Несколько шагов, отделяющих лестницу от злополучной двери, иду как по раскаленным углям, гляжу на нее, стараясь придать взгляду даже наглость, и не знаю, получается ли это. Прохожу мимо, втискиваюсь в толпу ребят, успеваю чуточку прийти в себя, громко объявляют, почти по-французски, в нос – «Дамен танго». Она подходит ко мне и приглашает.
Лицо у меня, кажется, горит. Только бы рта не раскрыть, тогда конец: младенческое бормотание, лепет, пузыри. Но танец кончается, надо же хотя бы что-то спросить, зацепиться. От напряжения, кажется, начинаю дымиться, внутри идет работа, подобная горообразованию. Варианты, как ржавые столетние камни – «Чудный вечер, не правда ли? – фу, пошлятина, опереточный оборот. «Вам нравится эта музыка?» – да пропади я пропадом, чтоб язык у меня отнялся. «Как вы сюда попали?» – только немедленное землетрясение может меня спасти. И тут где-то рядом слышу свой голос:
– Вы с филологического?
– Да. С первого курса. И зовут меня Лена, – улыбается, и совсем не иронически, а ровно настолько, чтобы придать мне силы, чтобы всё стало проще простого.
Следующий танец, дикую не проваренную смесь ритмов, мы уже танцуем, как давние знакомые, молчим, сообщнически улыбаемся. Тяжесть отошедших минут улетучилась. Мне даже кажется, что мы не танцуем, а легкое ненавязчивое, но крепко ощутимое доверие кружит нас. Мы как бы подчиняемся чему-то извне. Она идет в комнату к подругам за пальто, я бегу – за своим. И всё знакомое, въедливое – поворот коридора, пыльный фикус рядом с дежурной, доска с ободранными наполовину объявлениями, дверь в комнату, вечно распахнутый стенной шкаф, из которого выволакиваю пальто, надтреснутая люстра, чайник с облупленным носом – всё живет мельком, несерьезно, слишком навязчиво претендуя на меня в каждый день моей жизни. А у выхода на улице, рядом с дежурной стоит она, и зовут ее Лена. Нечаянно рассыпались волосы, и она делает движение головой, как бы высвобождаясь из них, ловко заворачивает узлом, каким-то невероятным, небрежным жестом натягивает на них шапочку и, готов поклясться, на то же место и с теми же вмятинами, как тогда, впервые, неделю назад, что просто непонятно, как все вокруг остается по-прежнему.
На улице слабый морозец, темно, свежо и распахнуто до звёзд, и это особенно остро ощутимо после недели туманов, слякоти и мороси. Месяц в небе ясный, но тени от деревьев и стен мягкие, незавершенные, чуть размытые, как бы непросохшие, и в этом такая незащищенность и нежность, как на японских акварелях.

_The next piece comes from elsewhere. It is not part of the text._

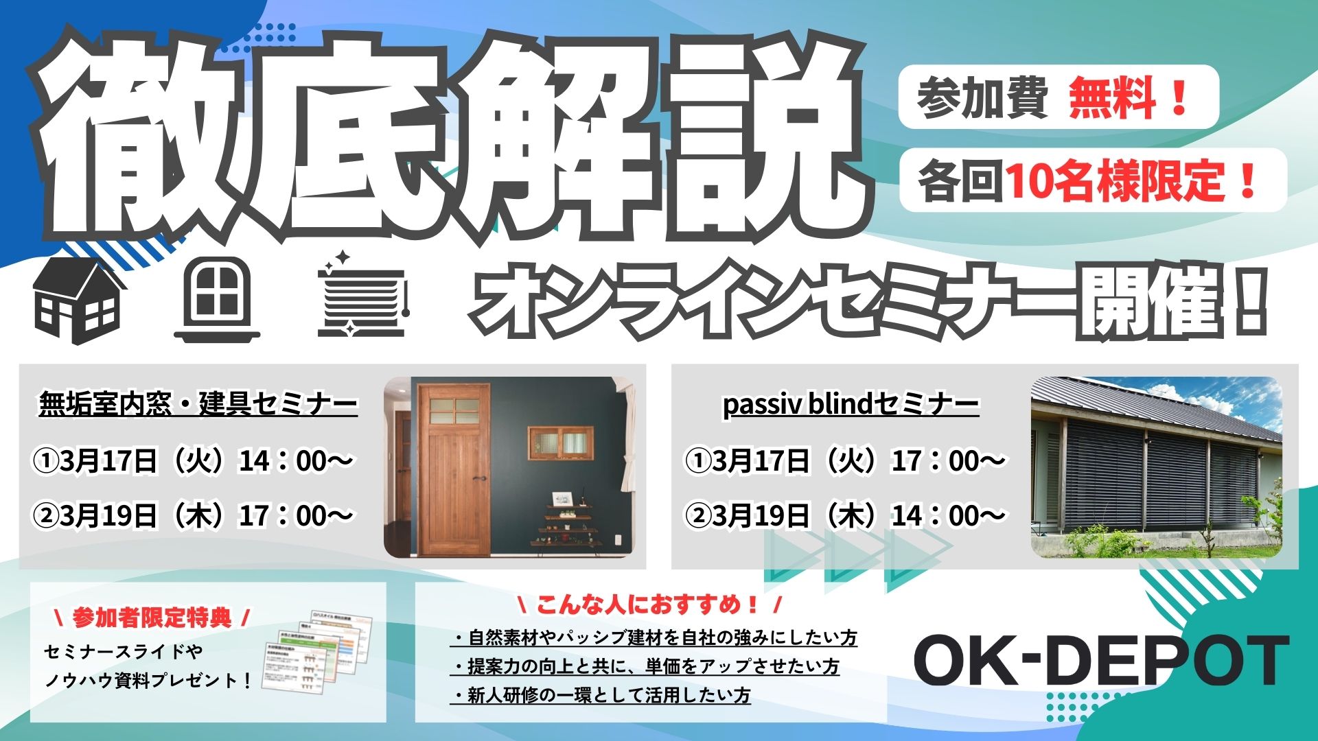 【建築会社様向け】OK-DEPOT人気商材!無垢室内窓・室内ドア・外付けブラインドの徹底解説セミナー

Мы идем рядышком, не прикасаясь. Поднимаемся вверх по улице, чтобы потом спускаться по тихой Парковой, на которой она живет. И я говорю, почти не слыша, что говорю, как будто лишь прикасаясь к словам кончиком языка, а они сами летят и летят. Мешаю сведения о луне с анекдотами, попадаю на любимого конька, и поехало-понесло в любимые мои фантазии о корабле-городе. Внезапно ловлю себя на слове «бугшприт», теряюсь, замолкаю. В толк не могу взять, откуда он – бугшприт, – встрял, как кость, и вообще – скорее на берег, к ней. Оглядываюсь на нее и понимаю, что совсем неважно, о чем говорю – ни ей, ни мне. А главное, что я чувствую – в каждом мгновении она со мной, я ей интересен, нужен, приятен, и это ощутимо во всей ее фигуре, лице, движениях, в почти легендарной шапочке, хотя она и не смотрит на меня, идет себе рядышком, каблуками дробит тонкий ледок в лужах.

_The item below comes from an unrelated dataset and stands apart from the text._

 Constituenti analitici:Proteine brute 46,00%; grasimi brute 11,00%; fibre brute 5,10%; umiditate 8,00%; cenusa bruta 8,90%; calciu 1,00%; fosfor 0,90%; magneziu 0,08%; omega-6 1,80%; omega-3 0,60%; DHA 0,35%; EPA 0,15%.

Приходит зима и уходит зима. Я родился в декабре. Мне уже тридцать два, и в последние годы не минет меня пусть редкий, без слякоти и туманов, декабрьский вечер со слабым морозом, когда гуляю один, слушая, как, замерзая, чуть слышно потрескивает вода в лужах. Поскрипывают деревья, хрустит ледок под ногами пешеходов. Звуки бодрящие, и в них – надежда, что впереди еще многое, может быть, даже еще – вся радость и вся печаль.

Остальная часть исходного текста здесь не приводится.